### Task requirements
Every line of the entries below from the one containing "Det hele er" to the one containing "試合翌日、真剣な面持ちで一夜明け会見に出席したポンフェイ(前列右) (C)M-1 Sports", both ends included, must be written out exactly. No other line belongs in the answer.

Dataset entries
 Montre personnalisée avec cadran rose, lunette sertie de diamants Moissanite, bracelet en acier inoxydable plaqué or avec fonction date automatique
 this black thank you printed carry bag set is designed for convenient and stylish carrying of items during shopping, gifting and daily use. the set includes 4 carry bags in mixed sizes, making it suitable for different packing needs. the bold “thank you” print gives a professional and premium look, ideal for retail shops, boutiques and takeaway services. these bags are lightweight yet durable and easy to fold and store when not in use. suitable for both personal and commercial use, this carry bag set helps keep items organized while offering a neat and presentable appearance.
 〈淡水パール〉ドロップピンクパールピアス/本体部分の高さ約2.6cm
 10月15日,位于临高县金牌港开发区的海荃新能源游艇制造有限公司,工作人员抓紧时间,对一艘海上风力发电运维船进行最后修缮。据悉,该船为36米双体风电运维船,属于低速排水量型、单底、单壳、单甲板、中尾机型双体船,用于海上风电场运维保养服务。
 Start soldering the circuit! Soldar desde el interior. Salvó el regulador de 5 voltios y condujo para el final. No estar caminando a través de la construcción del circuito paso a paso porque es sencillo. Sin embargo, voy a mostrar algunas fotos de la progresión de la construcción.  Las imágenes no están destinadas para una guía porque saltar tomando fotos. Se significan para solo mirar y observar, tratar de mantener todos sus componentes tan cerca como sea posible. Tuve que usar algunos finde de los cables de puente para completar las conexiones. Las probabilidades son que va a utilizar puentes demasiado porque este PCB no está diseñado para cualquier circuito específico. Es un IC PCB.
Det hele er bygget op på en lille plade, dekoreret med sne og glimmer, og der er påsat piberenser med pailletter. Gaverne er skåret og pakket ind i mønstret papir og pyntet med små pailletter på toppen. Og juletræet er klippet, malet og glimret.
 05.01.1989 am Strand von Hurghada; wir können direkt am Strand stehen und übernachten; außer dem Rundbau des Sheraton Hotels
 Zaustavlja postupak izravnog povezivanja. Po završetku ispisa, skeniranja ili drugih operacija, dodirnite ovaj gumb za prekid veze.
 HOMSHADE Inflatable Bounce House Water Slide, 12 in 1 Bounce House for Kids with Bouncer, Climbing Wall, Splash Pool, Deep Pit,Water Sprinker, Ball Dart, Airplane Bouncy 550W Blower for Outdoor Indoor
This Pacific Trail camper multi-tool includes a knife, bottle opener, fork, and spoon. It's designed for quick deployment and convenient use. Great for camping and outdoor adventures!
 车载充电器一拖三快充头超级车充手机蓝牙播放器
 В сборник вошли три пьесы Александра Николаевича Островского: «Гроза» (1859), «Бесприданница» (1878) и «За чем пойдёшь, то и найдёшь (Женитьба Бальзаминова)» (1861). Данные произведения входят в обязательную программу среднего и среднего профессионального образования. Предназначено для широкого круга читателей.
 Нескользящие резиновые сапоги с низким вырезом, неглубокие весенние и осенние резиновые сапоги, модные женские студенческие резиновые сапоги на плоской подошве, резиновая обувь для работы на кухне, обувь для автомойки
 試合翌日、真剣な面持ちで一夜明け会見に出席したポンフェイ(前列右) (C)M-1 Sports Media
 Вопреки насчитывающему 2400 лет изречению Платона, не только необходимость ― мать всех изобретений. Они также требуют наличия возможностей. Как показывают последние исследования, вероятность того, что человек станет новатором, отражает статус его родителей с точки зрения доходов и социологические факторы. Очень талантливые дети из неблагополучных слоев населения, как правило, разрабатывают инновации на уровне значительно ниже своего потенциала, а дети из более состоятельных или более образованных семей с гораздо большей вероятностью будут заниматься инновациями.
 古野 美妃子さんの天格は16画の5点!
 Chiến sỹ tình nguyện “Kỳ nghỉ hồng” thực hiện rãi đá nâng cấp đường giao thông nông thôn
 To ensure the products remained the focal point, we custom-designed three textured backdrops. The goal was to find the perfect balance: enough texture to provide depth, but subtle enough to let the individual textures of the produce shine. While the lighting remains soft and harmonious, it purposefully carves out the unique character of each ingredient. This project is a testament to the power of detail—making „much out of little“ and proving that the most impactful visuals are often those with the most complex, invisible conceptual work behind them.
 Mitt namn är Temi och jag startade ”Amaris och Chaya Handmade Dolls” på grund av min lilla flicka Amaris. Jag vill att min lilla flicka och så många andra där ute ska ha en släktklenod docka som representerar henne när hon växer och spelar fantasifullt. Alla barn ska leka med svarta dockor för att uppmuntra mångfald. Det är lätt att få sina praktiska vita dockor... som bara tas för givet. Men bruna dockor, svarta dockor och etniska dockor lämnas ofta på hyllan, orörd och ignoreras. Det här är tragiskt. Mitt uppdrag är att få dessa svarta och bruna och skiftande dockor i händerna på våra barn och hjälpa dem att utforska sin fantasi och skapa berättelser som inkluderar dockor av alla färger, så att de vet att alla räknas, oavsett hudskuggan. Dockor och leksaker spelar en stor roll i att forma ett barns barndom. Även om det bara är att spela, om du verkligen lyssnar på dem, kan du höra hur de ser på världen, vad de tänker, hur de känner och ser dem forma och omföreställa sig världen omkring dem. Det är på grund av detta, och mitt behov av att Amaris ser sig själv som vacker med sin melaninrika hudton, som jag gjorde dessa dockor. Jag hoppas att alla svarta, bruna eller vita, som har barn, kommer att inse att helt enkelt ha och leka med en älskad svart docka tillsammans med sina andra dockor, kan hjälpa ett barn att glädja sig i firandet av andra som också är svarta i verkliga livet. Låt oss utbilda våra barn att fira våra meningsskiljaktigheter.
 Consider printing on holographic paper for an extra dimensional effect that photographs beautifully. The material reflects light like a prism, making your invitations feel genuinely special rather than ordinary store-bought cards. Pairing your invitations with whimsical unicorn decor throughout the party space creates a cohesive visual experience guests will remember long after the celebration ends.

### Output for this exercise
Det hele er bygget op på en lille plade, dekoreret med sne og glimmer, og der er påsat piberenser med pailletter. Gaverne er skåret og pakket ind i mønstret papir og pyntet med små pailletter på toppen. Og juletræet er klippet, malet og glimret.
 05.01.1989 am Strand von Hurghada; wir können direkt am Strand stehen und übernachten; außer dem Rundbau des Sheraton Hotels
 Zaustavlja postupak izravnog povezivanja. Po završetku ispisa, skeniranja ili drugih operacija, dodirnite ovaj gumb za prekid veze.
 HOMSHADE Inflatable Bounce House Water Slide, 12 in 1 Bounce House for Kids with Bouncer, Climbing Wall, Splash Pool, Deep Pit,Water Sprinker, Ball Dart, Airplane Bouncy 550W Blower for Outdoor Indoor
This Pacific Trail camper multi-tool includes a knife, bottle opener, fork, and spoon. It's designed for quick deployment and convenient use. Great for camping and outdoor adventures!
 车载充电器一拖三快充头超级车充手机蓝牙播放器
 В сборник вошли три пьесы Александра Николаевича Островского: «Гроза» (1859), «Бесприданница» (1878) и «За чем пойдёшь, то и найдёшь (Женитьба Бальзаминова)» (1861). Данные произведения входят в обязательную программу среднего и среднего профессионального образования. Предназначено для широкого круга читателей.
 Нескользящие резиновые сапоги с низким вырезом, неглубокие весенние и осенние резиновые сапоги, модные женские студенческие резиновые сапоги на плоской подошве, резиновая обувь для работы на кухне, обувь для автомойки
 試合翌日、真剣な面持ちで一夜明け会見に出席したポンフェイ(前列右) (C)M-1 Sports Media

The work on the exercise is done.